В восемнадцать лет меня обучали игре. Игре! Игре, неразрывно связанной в моей памяти с приказом: "Идите поиграйте! Сегодня вы будете чистить мостовую аллею!" Что игра тому, кто не только не познал радостной бескорыстности движения, но для кого прямой смысл движения - защита, оборона? Кому придет в голову просить воина поиграть в солдатики? Разве не равносилен падению скачок из реальности в видимость? (Я тогда еще не знал, что видимость сплошь и рядом - надежное лекарство от реальности.) "Эх ты, безгубый!" - кричал мне Самуэль, видя, как я морщусь во время игры в "города". Именно безгубый, до того плотно поджимал я губы, снисходя к игрокам. Аппетит к удовольствиям дается при рождении. На фоне этих плотоядных весельчаков я выглядел вегетарианцем.
- Итака, Йорк, Итон...
- И твой брат! Сесиль, вычеркивай! Самуэль уже назвал.
- Эфес, Эфраим...
- Это племя, а не город, - визжала Сюзанна.
Я вмешивался холодно и поучительно:
- Больше того, племя доброго самаритянина. Вычеркивай, Сесиль!
Колебание разрушило все чары. И вот уже играющие вертятся на стуле, обтягивают юбочки, поправляют галстучки.
Что может быть хуже одного скучающего, который заражает всех насморком скуки, а ведь у меня самого от скуки вечно скулы сводило! Не очень-то весело с этим названым двоюродным братцем. Удастся ли его цивилизовать?

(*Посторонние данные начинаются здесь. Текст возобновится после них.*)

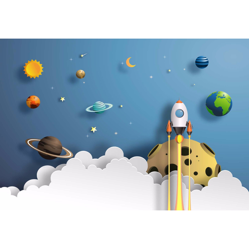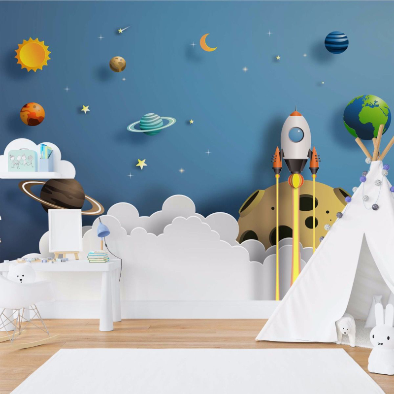 High quality photo wallpaper for children's room with Rocket Away image. Photo wallpaper is suitable for placing the wall in any room that is not exposed to high levels of humidity.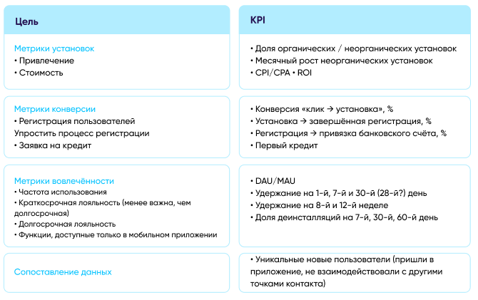 На диаграмме ниже описаны основные метрики, которые банки могут использовать для оптимизации своих усилий и привлечения пользователей с наибольшей ценностью для своих приложений. В левой колонке – цели, характерные для данной вертикали, а в правой – метрики, посредством которых эти цели могут быть достигнуты.

К концу месяца я наконец-то сумел приноровиться. По крайней мере я верил в это, и мне удалось уверить в этом Ладуров. Даже задавал тон. Я первым прыгал в холодную воду, первым бежал на соседнюю ферму, первым шел на приступ дюны. Как и подобает "своему парню", я сбивая майонез, мастерил удочки для ловли камбалы, копал червей, орал "Болотницу", укладываясь вечером рядом с Самуэлем, а девочки за перегородкой подхватывали припев; спал как убитый, убитый собственным здоровьем, обжирался свежим хлебом, свежим хлебом их непосредственности. Их хлебом, а не моим... По правде сказать, я не стал ни более разговорчивым, ни более живым; я довольствовался механической жизнерадостностью.

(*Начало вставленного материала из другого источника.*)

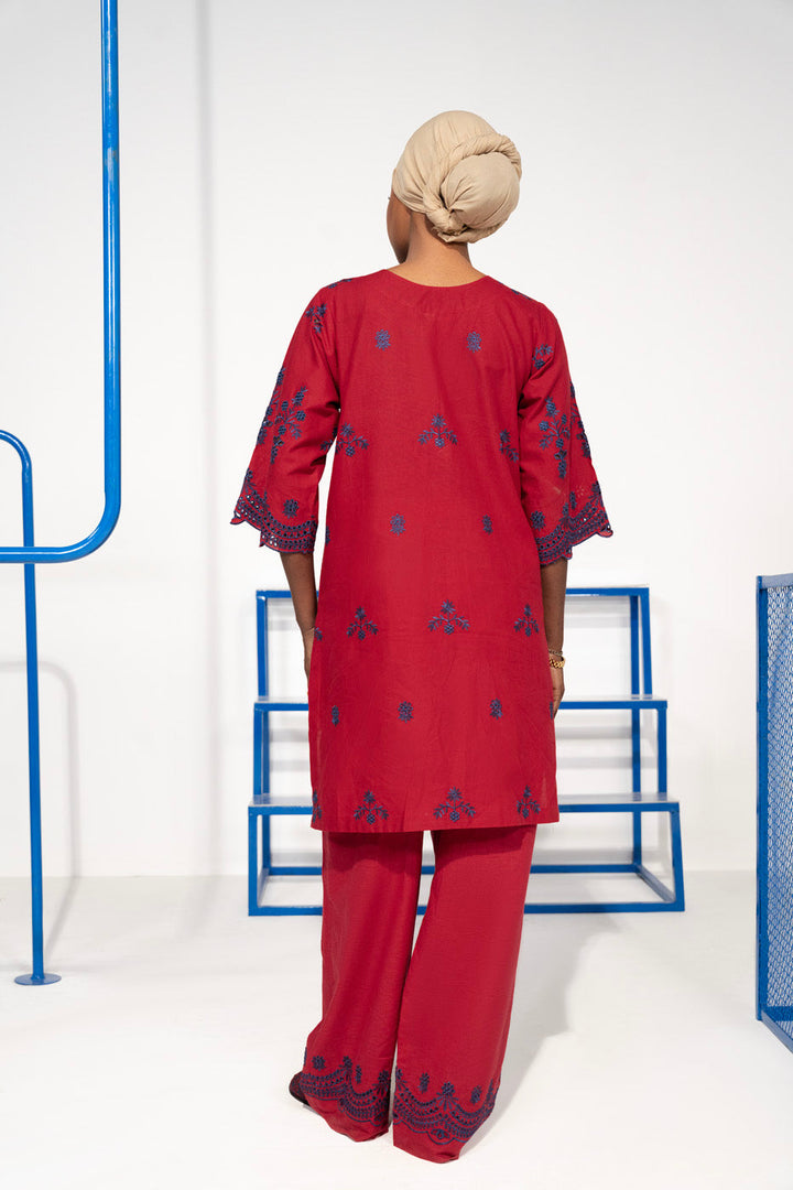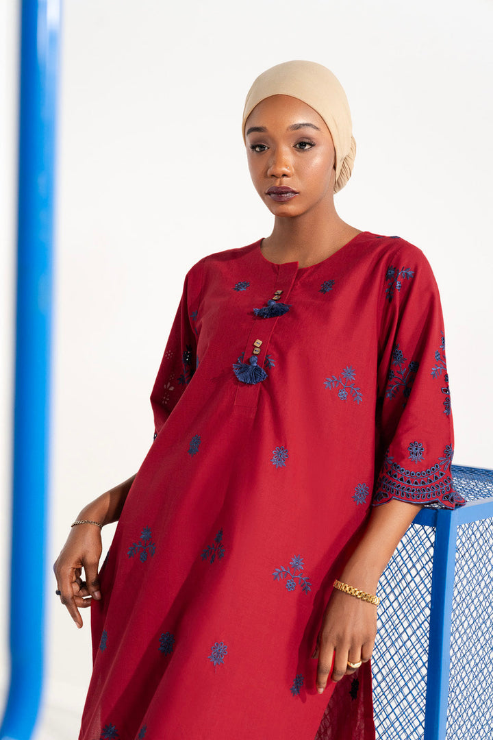 Elevate your wardrobe with our embroidered cambric Kurta. This kurta features intricate embroidery and elegant tassel detailing.

Я радовался исступленно, не понимая, что от этого в кратчайший срок иссякнет и сила, и источник радости.
- Бедный мальчик старается наверстать упущенное, - кудахтала мать-наседка своему супругу, который предоставил себе недельный отпуск и теперь, огромный, обросший рыжей щетиной, загромождал собой весь пляж, то и дело подтягивая трусы, сползавшие ниже его узловатого пупка.

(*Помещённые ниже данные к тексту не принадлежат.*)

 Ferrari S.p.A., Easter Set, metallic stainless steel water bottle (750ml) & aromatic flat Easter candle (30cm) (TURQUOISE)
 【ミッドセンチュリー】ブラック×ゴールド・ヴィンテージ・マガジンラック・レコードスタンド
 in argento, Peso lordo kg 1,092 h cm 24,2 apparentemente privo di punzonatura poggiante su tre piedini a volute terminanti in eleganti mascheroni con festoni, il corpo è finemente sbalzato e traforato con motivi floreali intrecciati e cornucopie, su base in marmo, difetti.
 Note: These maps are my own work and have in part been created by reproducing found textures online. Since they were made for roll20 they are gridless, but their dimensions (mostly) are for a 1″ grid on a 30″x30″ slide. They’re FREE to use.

- Не лезьте вы к нему, - ворчал одноглазый.
- О, мой друг...
Ладур был прав. Бывали минуты, когда, не выдержав больше их забот, я задыхался. "Где ты?", "О чем задумался?", "Что-то наш бакалавр не прибавляет в весе...", "Я свяжу тебе пуловер...", "А я свяжу тебе фуфайку...", "Иди сюда, я тебя сфотографирую...", "Знаешь, мы теперь тебя не отпустим...", "Ты должен написать братьям...", "А твоя мама, скажи, правда, что твоя мама..."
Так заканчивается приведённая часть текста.